O mercado acendeu a luz amarela, isso aparece nos contatos dos bancos com os clientes, nos relatórios, nos "calls" entre a equipe aqui e a do exterior. Mas ainda há pouco impacto nos indicadores.

Nos primeiros quatro dias da semana, o dólar tinha subido 2,9%, o Ibovespa caído 7%. E os juros para janeiro de 2007 aumentaram de 17,71% para 18,25%. Mas ontem, com o resultado do IPCA mais baixo que o previsto, o humor do mercado melhorou, o que não impediu que a semana fechasse com dados negativos. O dólar em alta de 1,97%, o Ibovespa em queda de 5,37% e os juros para janeiro de 2007 em alta. Os juros de curto prazo caíram exatamente pelo alívio do IPCA. O risco subiu e caiu: foi de 416 a 443 e ontem fechou em 427.

Esses números parecem pouca coisa. E são. Mas o que é mais importante é a mudança de atitude. Até há pouco tempo o risco político brasileiro era considerado cadente. A análise dos investidores daqui e do exterior era que a grande dúvida sobre o Brasil já havia sido respondida: se o governo do PT mudaria a política econômica. Agora voltaram a surgir outras dúvidas, inclusive esta: há medo de que o governo, pressionado pela perda de popularidade, resolva usar o velho e ineficiente remédio do populismo.

Por enquanto, a economia internacional, o excesso de liquidez, a coincidência do fim do ciclo do aperto monetário, a queda da inflação vão mandar sinais atenuadores da crise político-policial que se abateu sobre a base governista. Mas a economia não faz milagres. Se o governo continuar errando, se revelações indicarem a transformação da crise política em crise institucional, a política vai contaminar a economia; inevitavelmente.

Quais são as vantagens que temos agora em relação a qualquer outro momento de turbulência que enfrentamos? O Brasil tem melhores fundamentos. Há sete anos o país tem superávit primário; há três anos, tem superávit em transações correntes. O comércio externo saiu de um déficit de US$8,6 bilhões em 98 para um superávit de US$38 bilhões nos últimos 12 meses. Tem US$62 bilhões de reservas. A dívida externa encolheu. A dívida pública caiu 10 pontos percentuais do PIB. O perfil de dívida melhorou, mas isso pode mudar por causa da turbulência, com os financiadores querendo títulos mais curtos.

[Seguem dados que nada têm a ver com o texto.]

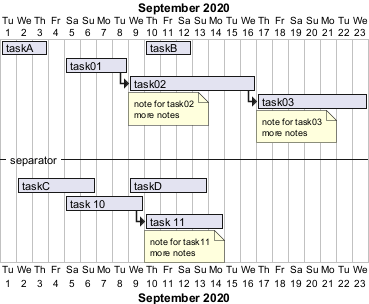 版本控制系统跟踪更改。这种方法对于已经习惯了基于文本的编码环境的团队尤其有利。PlantUML 的甘特图语法

Os complicadores: o Brasil ainda tem dívida alta, tem a maior taxa de juros do mundo, está com uma taxa de inflação ainda alta, é classificado pelas agências de risco como um mau pagador. No que interessa mais ao público interno, a economia está afundando, num momento de queda dos investimentos e redução forte do crescimento.

A saída do presidente Henrique Meirelles, se acontecer, não deve provocar maiores turbulências, principalmente se o indicado for mesmo Murilo Portugal. A notícia foi negada, mas o mercado trabalha com essa possibilidade desde o início dos problemas de Meirelles no Supremo. A presença de Portugal no governo é uma espécie de tranqüilizante preventivo.

Mas o presidente do Banco Central está longe de ser o problema maior do governo. Tirá-lo não resolveria nada do que é importante. O governo precisa do que não tem: visão estratégica e cabeça fria para enfrentar a crise. A sociedade quer informação mais relevante do que a do sofrimento do presidente Lula no segundo tempo do jogo contra a Argentina. Os líderes políticos governistas precisam ter uma atitude menos arrogante e mais negociadora e os operadores precisam saber antecipar-se a cada evento, atuando para neutralizá-lo. A semana que vem será, de novo, tensa, com os depoimentos do deputado Roberto Jefferson e a escolha do presidente e relator da CPI.

A semana termina com uma palavra alimentando as dúvidas: chantagem. Segundo Delúbio Soares, alguém está chantageando o partido e o governo. Repetiu a palavra. Ela significa extorquir ou constranger alguém sob ameaça de divulgação de algo escandaloso. Era para esclarecer; e complicou.